The most commonly prescribed sleep aid in the United States is zolpidem (ambien).  The FDA has recently issued additional warning for drugs containing zolpidem (ambien, ambien CR, Edluar, and zopimist) recommending the bedtime dose be lowered especially for women. New data shows that blood levels in some patients can still be high enough in the morning to impair activities that require alertness including driving.

The impact of AM grogginess on function cannot be understated.  Kevin Wright, PhD published a study in JAMA in 2006, showing that patients who suffered with AM grogginess scored worse on cognitive and memory tests than patients who had stayed awake for more than 24 consecutive hours.[4]

Options to improve the quality of sleep without causing AM grogginess are more prevalent now than ever before and are a much safer and more effective way to manage insomnia and other sleep disorders.  Studies show that people can improve their insomnia by changing sleep habits.  Examples of this include going to bed consistently at the same time, having a darkened room, not using your bedroom for non-sleeping activities, and avoiding stimulants about 3 hours before bedtime.

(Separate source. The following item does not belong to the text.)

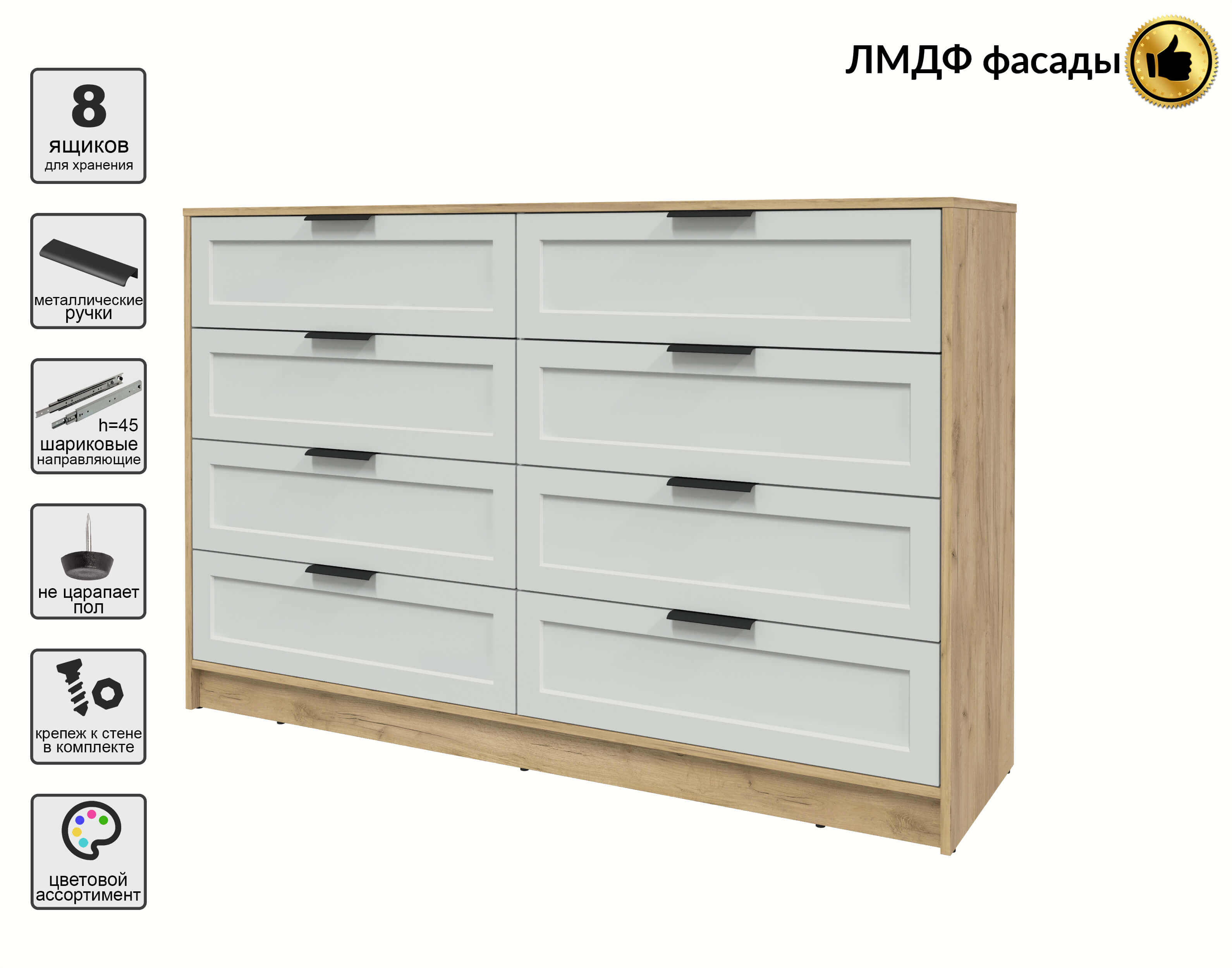 Kомод Тренд КТ-К157 (Дуб золотой ЛДСП/ Грэй ЛМДФ) Ш1565 В1020 Г451

Medical foods are a safe and effective option for patients with insomnia and other sleep disorders. Medical foods are amino acids and other nutrients, that when combined, correct the metabolic deficiencies of diseases and conditions.  They provide a solution that cannot be obtained from diet alone or supplements. They have been found to improve the quality of sleep without the morning grogginess or side effects of other prescription sleep medications. Medical foods may make getting a good nights’ sleep an achievable goal.



[1] Arch Dis Child 2006;91:881-884 doi:10.1136/adc.2005.093013

[2] Zolpidem Containing Products: Drug Safety Communication- FDA Requires Lower Recommended Doses (2013). Retrieved April 23, 2014. http://www.fda.gov/safety/medwatch/safetyinformation/safetyalertsforhumanmedicalproducts/ucm334738.htm

[3] AGS BEERS Criteria for Potentially Inappropriate Medication use in Older Adults (2012). Retrieved April 23, 2014. http://www.americangeriatrics.org/files/documents/beers/PrintableBeersPocketCard.pdf

[4] Adam T. Wertz, BS; Joseph M. Ronda, MS; Charles A. Czeisler, PhD, MD; Kenneth P. Wright, PhD

JAMA. 2006;295(2):159-164. doi:10.1001/jama.295.2.163.